17053.48.
(a) (1) For each taxable year beginning on or after January 1, 2022, and before January 1, 2027, there shall be allowed as a credit against the “net tax,” as defined in Section 17039, an amount equal to the amount specified in paragraph (2) for a qualified expenditure paid or incurred by the qualified taxpayer during the taxable year.(2) (A) The amount of the credit allowed pursuant to this section for the taxable year shall be equal to 50 percent of the amount paid or incurred by a qualified taxpayer during the taxable year for a qualified expenditure.
(B) The amount of the credit allowed to a qualified taxpayer shall not exceed nine thousand dollars ($9,000) per taxable year.
(b) For purposes of this section, the following definitions shall apply:
(1) “Designated wildfire zone” means any of the following:
(A) A high or very high fire hazard severity zone, as determined by the Department of Forestry and Fire Protection pursuant to Section 51178 of the Government Code.
(B) A high or very high fire hazard severity zone as indicated on maps adopted by the Department of Forestry and Fire Protection pursuant to Section 4202 of the Public Resources Code.
(C) An area affected by one or more public safety power shutoffs in the prior taxable year.
(2) “Public safety power shutoff” means the proactive deenergization of electric facilities to mitigate wildfire risk caused by utility infrastructure.
(3) “Qualified taxpayer” means a natural person or a small business that incurs a qualified expenditure.
(4) “Qualified expenditure” means the purchase of a backup electricity generator that does not exceed eighteen thousand dollars ($18,000) for use in a residence or commercial property in a designated wildfire zone.

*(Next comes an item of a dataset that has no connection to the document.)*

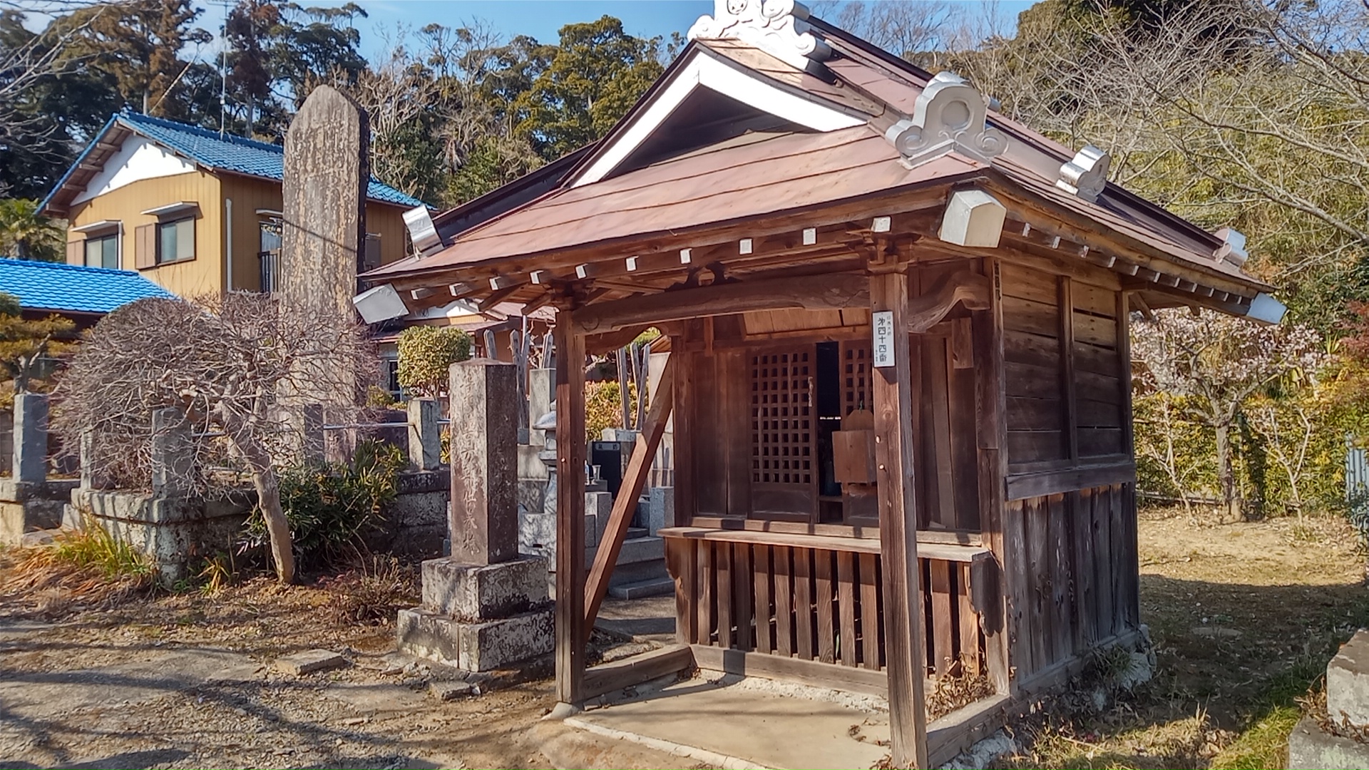 記念碑によると、本堂は平成に入ってから改修されたもので、墓地開発にあわせて行われたようだ。大師堂も、小さいながら近年になって改築されたもので、寄進者のお名前が記されている。

(5) “Small business” means a business that is all of the following:
(A) Independently owned and operated.
(B) Has fewer than 100 employees.
(C) Has average annual gross receipts of fifteen million dollars ($15,000,000) or less over the previous three years.
(c) In the case where the credit allowed by this section exceeds the “net tax,” the excess may be carried over to reduce the “net tax” in the following taxable year, and succeeding four years if necessary, until the credit is exhausted.
(d) This section shall remain in effect only until December 1, 2027, and as of that date is repealed.